This page is published as Draft for Trial Use. The recommendations on this page will be reviewed and may be updated following feedback from implementation experiences.
To promote consistency between implementations of ECL, the following collation principles are recommended:
- Search and match - The default behaviour of a system implementing ECL queries with term filters, is to use locale-specific asymmetric searching at the secondary comparison strength level -as specified in the Unicode Technical Standard #10 - Unicode Collation Algorithm. This means that the search is, by default, case insensitive, with some language-specific character normalization behaviour.
- Asymmetric: Asymmetric searches require characters in the query that are unmarked (i.e. the 'base letters') to match characters in the target that are either marked or unmarked (with the same base letter). However, a character in the query that is marked will only match a character in the target that is marked in the same way.
- Secondary strength: Searches with a strength of secondary will only consider level 1 differences (e.g. "d" vs "e") and level 2 differences (e.g. "e" vs "é" in English). However, level 3 differences (e.g. "e" vs "E") are not considered. This provides the same effect as queries being case insensitive. For example, in English, "e" in the query will match both "e" and "E" in the target; and "E" in the query will similarly match both "e" and "E" in the target.

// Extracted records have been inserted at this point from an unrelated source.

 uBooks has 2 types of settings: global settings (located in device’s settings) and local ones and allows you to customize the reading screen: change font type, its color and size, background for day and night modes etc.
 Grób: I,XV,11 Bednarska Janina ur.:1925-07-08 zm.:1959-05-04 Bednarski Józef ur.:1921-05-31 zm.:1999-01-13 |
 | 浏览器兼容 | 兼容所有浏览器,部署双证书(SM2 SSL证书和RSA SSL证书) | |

- Language customizations - Locale-based customizations of the standard are specified in the Unicode Common Locale Data Repository (CLDR). The unicode CLDR specifies the characters that are considered to be 'marked' variants of the base letters, identical base letters, and/or contractions in each specified language. The description terms in the substrate should be indexed separately for each language supported.

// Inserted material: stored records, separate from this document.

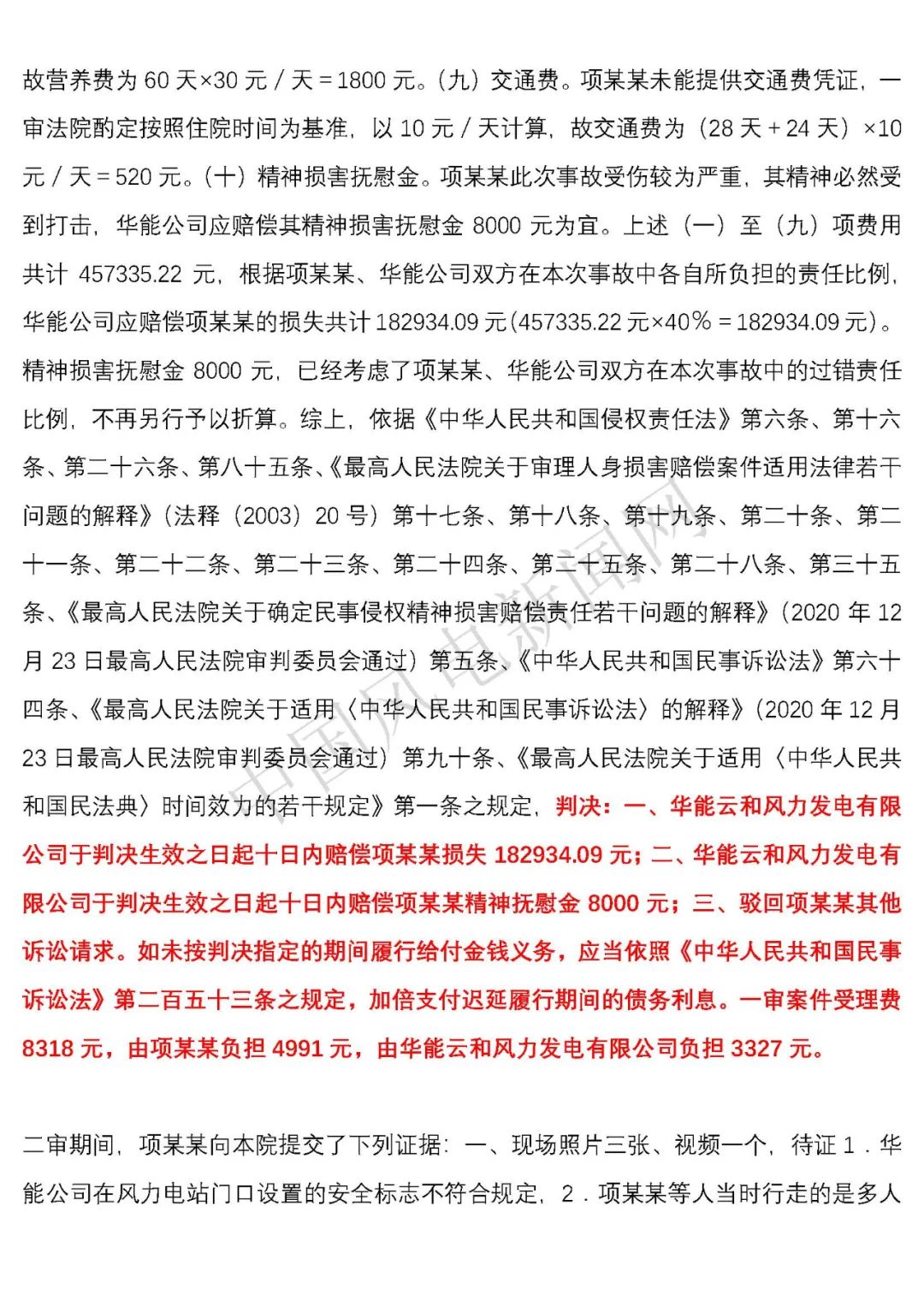法院判決:一、華能云和風(fēng)力發(fā)電有限公司于判決生效之日起十日內(nèi)賠償項(xiàng)建英損失182934.09元;二、華能云和風(fēng)力發(fā)電有限公司于判決生效之日起十日內(nèi)賠償項(xiàng)建英精神撫慰金8000元;三、駁回項(xiàng)建英其他訴訟請求。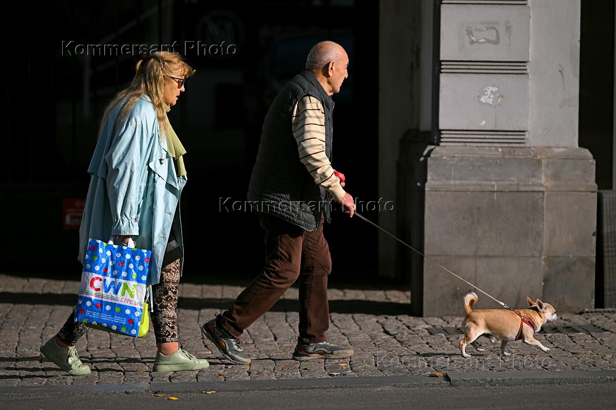 Виды Тбилиси. Жанровая фотография. Пожилые люди с собачкой идут по улице города.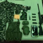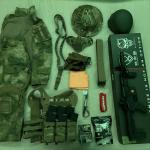 valamilyen multicam-szerű nagyon egyszerű könnyű szellős nadrág+zubbony amit ghilie alapnak szántam (185/85 felnőttre jó). Egy elől zipzáras OD mellény + pisztoly zsebbel, térd és könyök védő, balaclava, mesh maszk, találat jelző
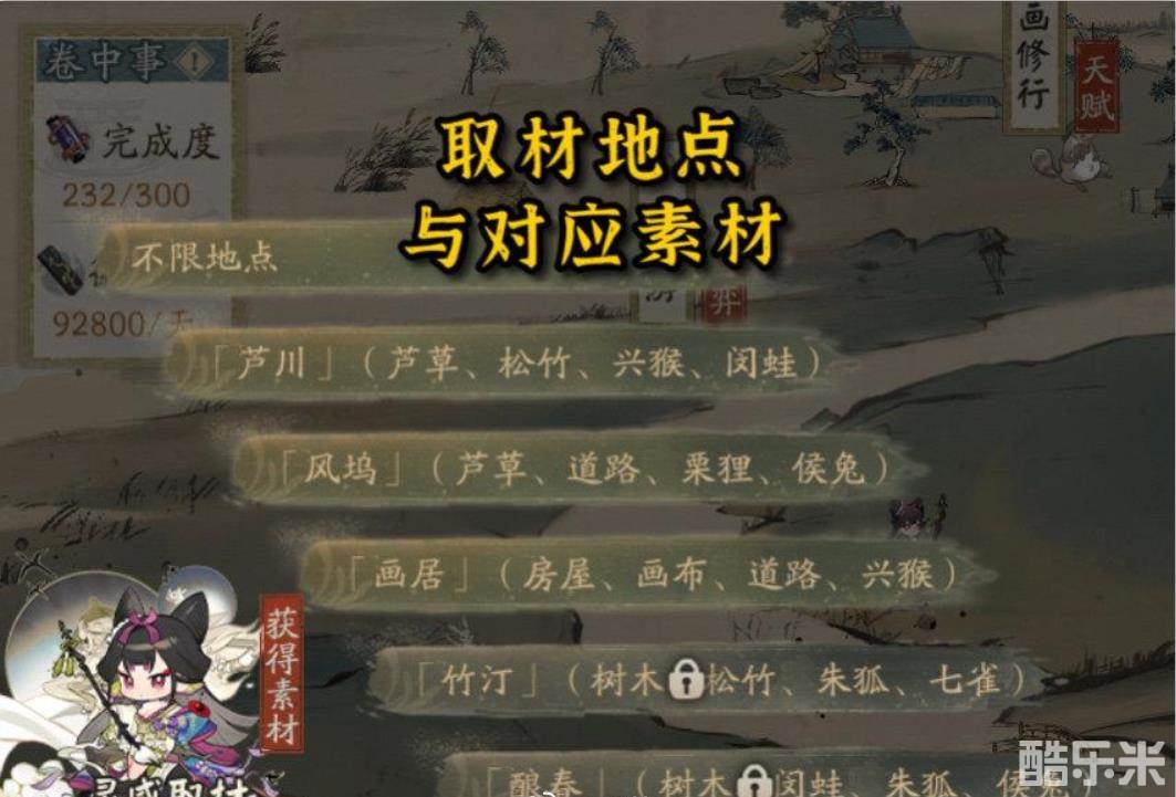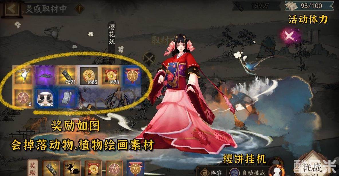 【灵感取材】:花鸟卷在地图上探索,战斗刷材料,获得【绘画素材】与货币。

For example, the following search behaviour is expected in the locales specified below.
- In English, Swedish and Danish, the following search behaviour is expected:
Note: No customizations are made in these 3 locales for the characters used in these searches. Therefore, the CLDR root collation order is used.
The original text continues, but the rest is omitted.